Phoenix phoenix-docs-gap-audit

install
source · Clone the upstream repo
git clone https://github.com/Arize-ai/phoenix
Claude Code · Install into ~/.claude/skills/
T=$(mktemp -d) && git clone --depth=1 https://github.com/Arize-ai/phoenix "$T" && mkdir -p ~/.claude/skills && cp -r "$T/.agents/skills/phoenix-docs-gap-audit" ~/.claude/skills/arize-ai-phoenix-phoenix-docs-gap-audit && rm -rf "$T"
manifest: .agents/skills/phoenix-docs-gap-audit/SKILL.md
source content

Phoenix Docs Gap Audit

Find everything in the Phoenix repo that shipped recently without proper documentation. The output is a gap report — not release notes, not new docs. The gap report tells the user (or a follow-up skill) exactly what is missing, where it should live, and what the new content should say, grounded in real code.

This skill is deliberately thorough. Documentation gaps are expensive: users hit undocumented features blind, stale examples teach wrong APIs, and in-code docstrings go missing silently because nothing fails CI. A good audit reads the actual code, cross-references every doc surface, and produces a report a maintainer can act on without re-doing the investigation.

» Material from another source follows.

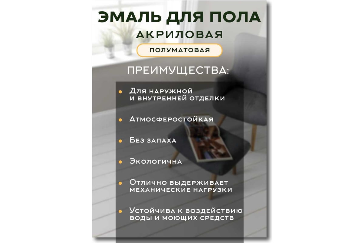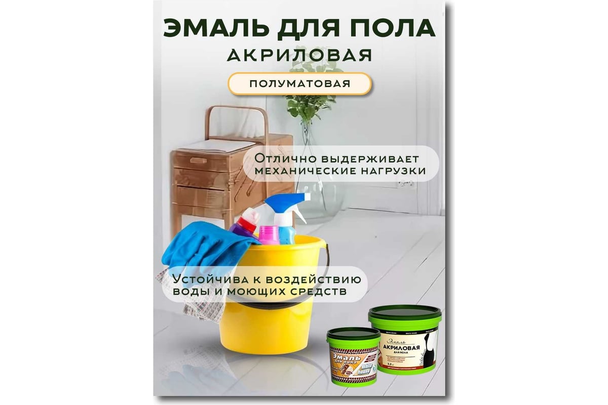 Акриловая эмаль для пола White House (темный шоколад; 2.2 кг) 15874Эмаль акриловая для пола White House – быстросохнущая полуматовая эмаль на водной основе. Краска для пола применяется для окрашивания деревянных, бетонных, кирпичных, минеральных поверхностей. Краска эмаль предназначена для окраски деревянных и бетонных полов всех типов зданий и сооружений, а также полов снаружи помещений, защищенных от прямого воздействия осадков соответствующими конструкциями. Краска для полов устойчива к воздействию воды, бытовых моющих средств, поэтому может использоваться для влажных помещений. Краска для пола без запаха быстросохнущая обладает высокой степенью экологичности и безопасности, рекомендована для применения в детских, лечебных учреждениях, а также в помещениях, где проводится влажная дезинфекция. После высыхания эмаль для пола образует гладкую, полуматовую поверхность. Благодаря высоким декоративным свойствам акриловую эмаль активно используют для создания интерьера жилых и офисных помещений. Водоотталкивающая, стойкая к истиранию эмаль акриловая отлично выдерживает механические нагрузки. Краска эмаль для пола устойчива к перепаду температур, что обуславливает её широкое применение при окрашивании веранд, террас, беседок, пристроек, лестниц, бетонных полов в мастерских. Краска практически не пахнет, легко наносится и быстро сохнет. Перед использованием тщательно перемешайте эмаль для пола без запаха, при необходимости разбавьте водой, но не более чем на 5%.
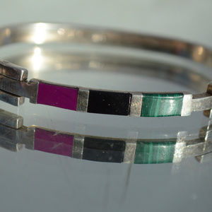 Thank you for looking at this Mexican solid Sterling Silver cuff bracelet with Onyx Malachite and Sugilite

Scope — what counts as "documentation"

Phoenix has several doc surfaces. A feature can be fully released and still be undocumented on most of them. Audit all of these:

SurfaceLocationTool
User-facing product docs
docs/phoenix/**/*.mdx
Mintlify
Server README
README.md
GitHub landing
Python package READMEs
packages/*/README.md
PyPI landing
TS package READMEs
js/packages/*/README.md
npm landing
Python built-in API docs
packages/*/docs/source/
Sphinx
TS built-in API docs
js/packages/*/typedoc.jsonc
, TSDoc in
src/
TypeDoc
Python docstringsclass/function docstrings in
src/
inline
TypeScript TSDoc
/** */
on exported symbols in
src/
inline
Code commentsnon-obvious logic in any
src/
inline
llms.txt
docs/phoenix/llms.txt
machine-readable docs index
Onboarding snippets
js/packages/phoenix-client/src/onboarding/
and similar
in-product

Missing from any of these is a gap. Stale (contradicts current code) is also a gap, and is more dangerous than missing because it teaches users the wrong thing.

Workflow

Phase 1: Gather commits

Default window is the last 7 days on

main
. The user may override (e.g., "since last release", "last month", a specific tag range). Translate their phrasing into a concrete range before running anything.

Always audit

origin/main
, not the local
main
branch.
Local
main
is routinely stale by dozens of commits in active repos — if you audit the stale tip you will silently miss every feature and every breaking change that shipped after your last
git pull
. An early iteration of this skill missed a major breaking change this way.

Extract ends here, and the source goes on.